(DATASET EXCERPT)

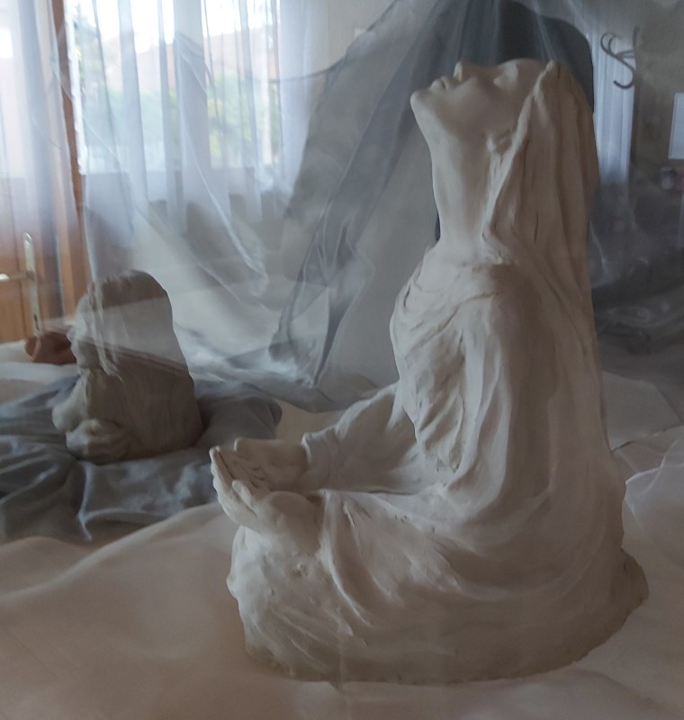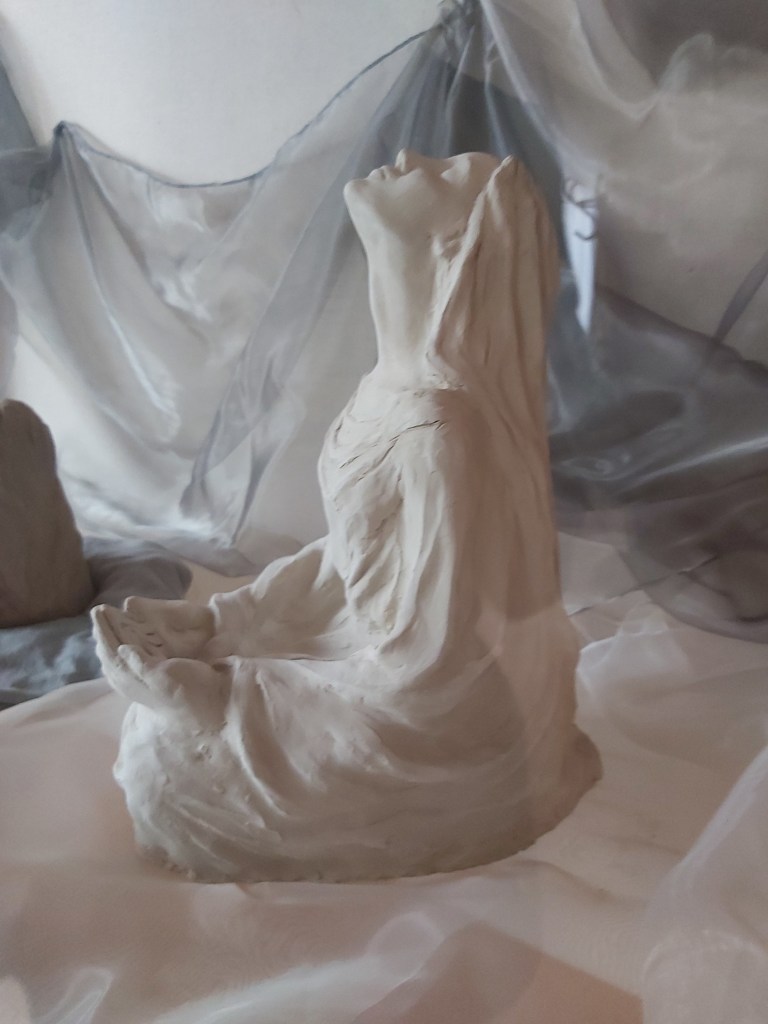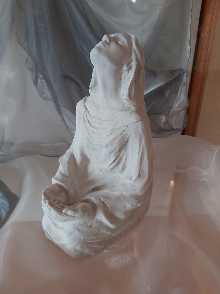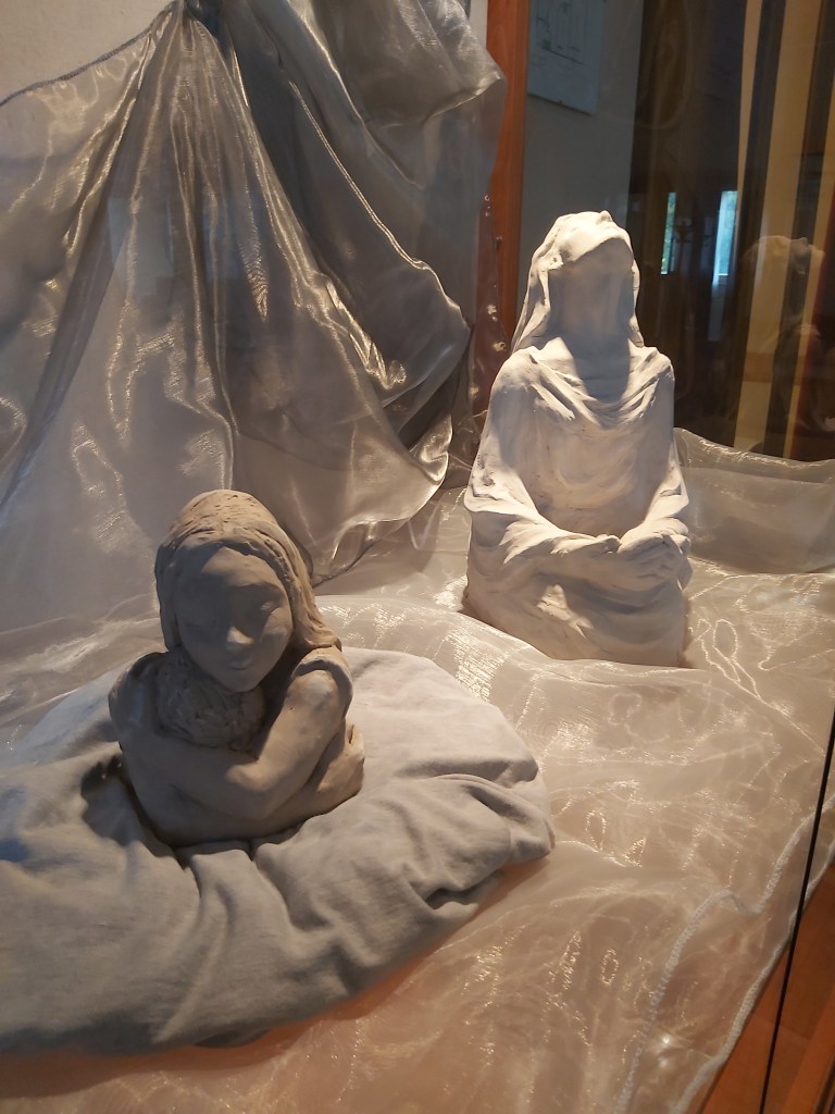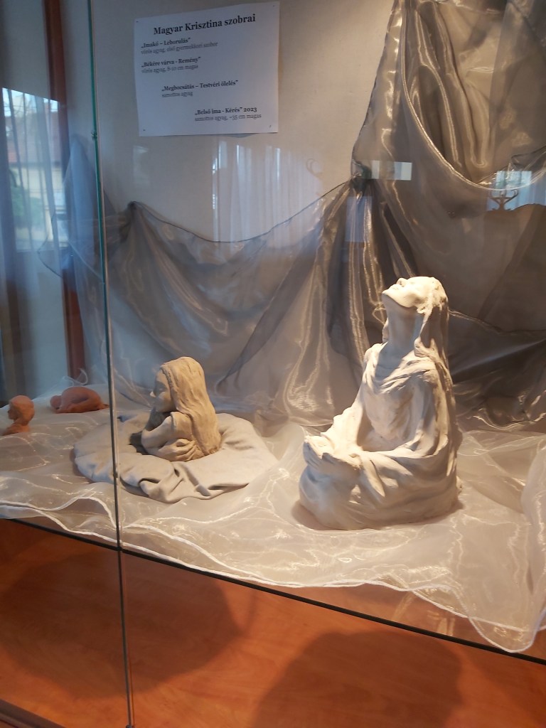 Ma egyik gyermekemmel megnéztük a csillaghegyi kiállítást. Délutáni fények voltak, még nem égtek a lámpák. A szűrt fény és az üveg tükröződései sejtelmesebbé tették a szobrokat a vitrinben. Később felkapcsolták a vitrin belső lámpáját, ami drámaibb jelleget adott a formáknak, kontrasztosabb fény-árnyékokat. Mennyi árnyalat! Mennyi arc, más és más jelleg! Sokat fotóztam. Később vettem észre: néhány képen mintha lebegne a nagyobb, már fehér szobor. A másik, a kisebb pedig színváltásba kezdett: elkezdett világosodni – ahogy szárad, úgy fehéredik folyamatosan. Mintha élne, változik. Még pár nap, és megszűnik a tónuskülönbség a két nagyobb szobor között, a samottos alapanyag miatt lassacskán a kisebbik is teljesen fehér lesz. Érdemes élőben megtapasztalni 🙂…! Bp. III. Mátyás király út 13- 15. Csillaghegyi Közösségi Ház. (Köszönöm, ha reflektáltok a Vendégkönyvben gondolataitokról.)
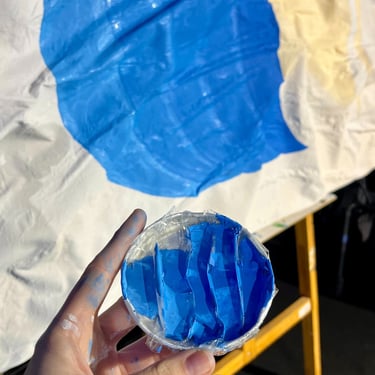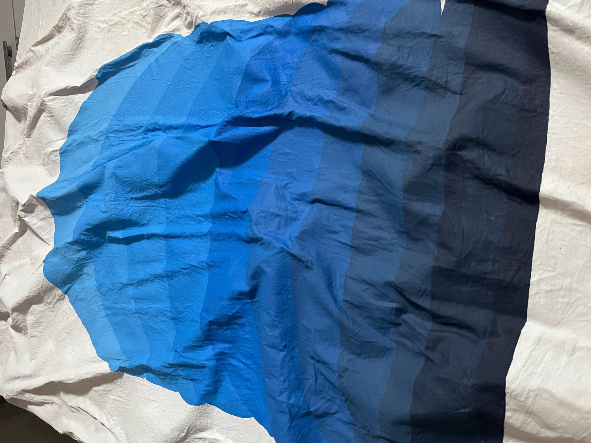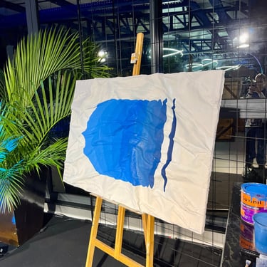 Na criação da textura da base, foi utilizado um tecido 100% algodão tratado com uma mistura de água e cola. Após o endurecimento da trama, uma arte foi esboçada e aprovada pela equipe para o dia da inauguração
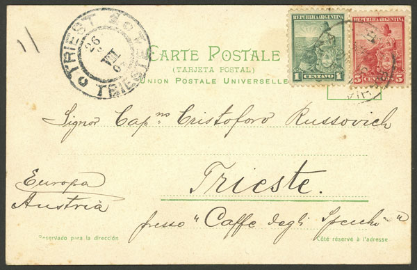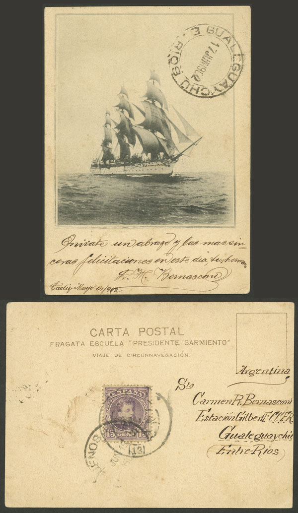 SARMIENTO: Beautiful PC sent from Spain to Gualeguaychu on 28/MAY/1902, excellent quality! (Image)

(End DATASET EXCERPT)

- **EXERCISE DETAILS**
From the line that contains "Na criação da" down to the last line of the material above, every line must be repeated exactly, with pictures removed and both end lines included.

- **ANSWER TO THE PROBLEM**
 Na criação da textura da base, foi utilizado um tecido 100% algodão tratado com uma mistura de água e cola. Após o endurecimento da trama, uma arte foi esboçada e aprovada pela equipe para o dia da inauguração
 SARMIENTO: Beautiful PC sent from Spain to Gualeguaychu on 28/MAY/1902, excellent quality! (Image)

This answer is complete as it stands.